I am currently working on a hybrid memoir using experimental forms/structures, poetry, and flash and experimenting with finding the places where my writing overlaps my visual art. A psychic once told me I would find happiness in marrying my creativity and my spirituality and that thought simmers as I find ways to talk about my experience with gender and queerness and disability, aging and brain injury and all the ways they intersect.

I am also currently seeking representation for my young adult novel, Leaving Wonderland.

Leaving Wonderland is the story of ice hockey phenom Lucy Dunn. The story begins three months after her third concussion. She is still not back on the ice, only going to school half days and spends hours sleeping in the bottom of her closet.

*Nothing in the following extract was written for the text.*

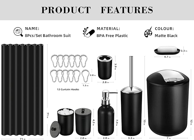 - đăComplete Black Bathroom Accessories Set (20 Pieces)ăUsing this black bathroom accessory set, you can organize almost everything in the bathroom. The bathroom accessory set includes 1 1*71"Lx71" W bathroom shower curtain sets with 12 hooks, 1 trash can, 1 soap dispenser, 1 soap dish, 1 toothbrush holder, 1 toilet brush and holder, and 2 qtip holder. This matte black bathroom accessories set complete keeps the bathroom organized while adding a minimalist textured style.

Her brain injury symptoms; memory loss, difficulty controlling her emotions (anger/crying), trouble concentrating and extreme cognitive fatigue cause her to alienate friends and family. Wonderland is her escape. It is a place in her mind that is a peaceful oasis out beyond the agitation of not remembering or frustration of not being able to make a decision. It is the place where she just accepts that she won’t ever find the memory, word, thought.

When she inherits a vintage pickup truck that was once owned by the father she never knew, she is given a reason to climb out of the closet. She meets William and Ricky, two students in the auto mechanics class at the vocational division of her school. William makes her laugh and seems to only be serious when talking about engines. But, it is Ricky, the quietly dapper girl who explains fuel, air, spark, compression, who captures Lucy’s attention.

Leaving Wonderland is a story about the everyday experience of brain injury and what happens when opportunity arises from loss.